My lab is centered around understanding the rules of life that control the expression and number of biological forms in nature, discovering how these rules affect biodiversity over micro- and macro-evolutionary scales, and exposing their relevance for the preservation of extant biodiversity.
The primary rules of life we study are physiological constraints that are modulated by the environmental availability of key metabolic resources. These ecophysiological constraints alter the amount of energy required for trait synthesis and function and are directly controlled by the environment. Ecophysiological constraints are one of the major factors shaping historical and future predicted spatial patterns of biodiversity, macroevolutionary trait evolution, and population level adaptive divergence/speciation.
Rapid evolution of ornamentation and phylogenetic history of Oreohelix (from Linscott et al. 2020)
Genomic cline of limestone-greenstone and ornamented-smooth transition
The genetic architecture underlying locally adapted traits can provide key clues as to the long-term dynamics of local adaptation and potential for hybrid collapse. One system the lab uses to understand this process are Oreohelix land snails, or the Mountainsnails. Many transitions of ornamented (heavily biomineralized shells) to smooth forms from geographically separated areas, well documented clines of shell expression, and a new genomic assembly allow us to study the process of ecophysiological constraints release as a fine spatial and genomic scale. We aim to understand the explicit mechanisms associated with ecophysiologically constrained morphological divergence and determine whether divergence is significant enough to warrant species recognition. Already we have identified that large structural changes in genome architecture brought about by a massive LTR retrotransposon expansion across the group that has influenced biomineralization gene composition.

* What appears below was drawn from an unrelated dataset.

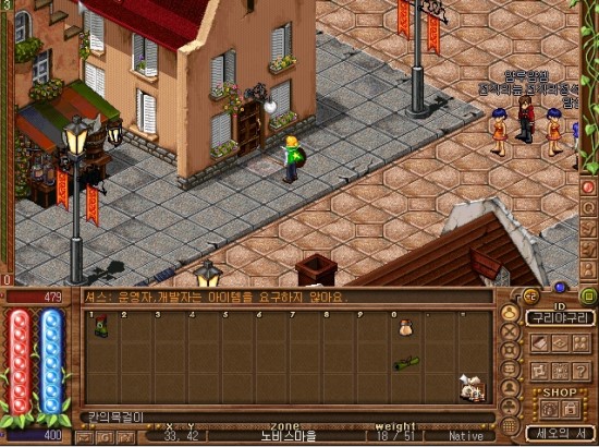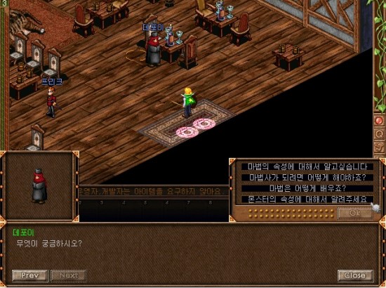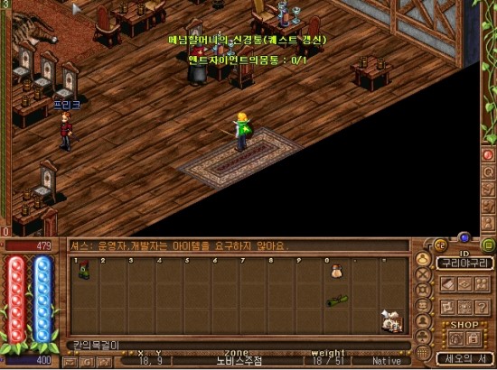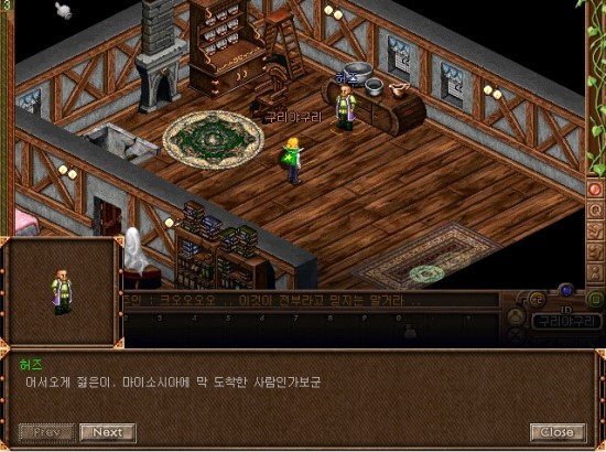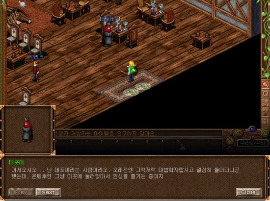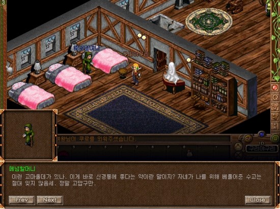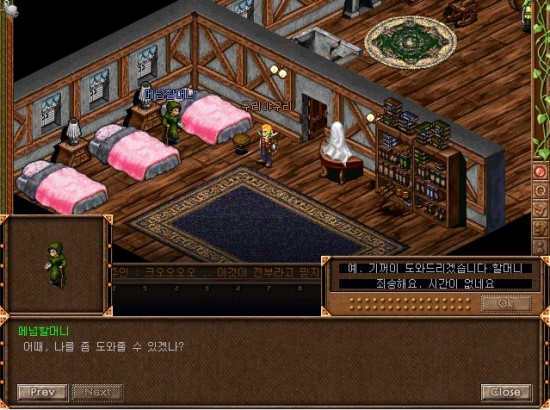 7시 방향의 건물안으로 들어가면 메넘할머니가 있습니다. 말을 걸어볼까요.

We also use this approach to investigate ecophysiological constraint associated genomic architecture in other gastropod systems (i.e. Bahamian/Floridian Cerion land snails) to understand how different genomic contexts and mineral resources influence the evolvability of ecophysiologically constrained traits.
Predicted CaCO3 saturation state and shell form relationship
Morphological classification of all GBIF gastropod images
Shell form-limestone association of Oreohelix land snails
One of the most detectable ecophysiological constraints on traits present in nature is the relationship between the environmental availability of minerals and biomineralization expression. However, the degree to which this constraint limits trait expression amongst different biomineralizing taxa remains unclear.
At small spatial scales, we use isotope ecology and experimental measures of trait function to quantify causal relationships between macronutrient resources and trait expression. To study these constraints at a broad spatial scale, we use object detection approaches and other computer vision approaches with large spatial datasets to rapidly quantify the association of species traits with the underlying resources across the landscape. These dual approaches allow us to identify causal relationships between understudied macronutrient sources and trait expression and to predict how entire ecosystems may change as a result of shifts in nutrient availability.
Ongoing work seeks to understand how changes in resource availability alter the expression of traits at a fine scale in the context of energetic costs. That is in calcifying systems, how does the availability of minerals change the cost of calcification? We are currently working to understand these relationships across freshwater, terrestrial, and marine contexts in molluscs.
All life has evolved within a fluctuating set of environmental constraints which modulate the expression of forms in nature. While widely acknowledged as factors influencing the evolution of traits across macroevolutionary time, there are few phylogenetic comparative methods which incorporate temporal environmental data in trait evolution. This methodological gap is particularly problematic for the study of ecophysiologically constrained traits, traits whose expression is constrained by the availability of key metabolic resources in the environment (e.g. biomineralization and mineral availability). Ecophysiological trait expression can directly affect the available niche spaces of lineages as their expression is often tightly linked to organismal survival. To address this gap, we develop models that utilizes temporal environmental data of ecophysiological constrained traits to estimate how the environment may alter macroevolutionary parameters of Ornstein-Uhlenbeck models of trait evolution.
Galapagos wide network plot of colonization events for Naesiotus land snails (from Phillips et al. 2020)
It is difficult to piece together the evolution of ecophysiology in the absence of also understanding the phylogeographic or demographic context of populations and species. We work and collaborate with other labs to study the phylogeography of groups spanning Galapagos Naesiotus to Asian ancient lake endemic Viviparidae. We are currently working towards expanding this approach across the SW Sky-Islands of New Mexico in different land snail groups (i.e. Ashmunella).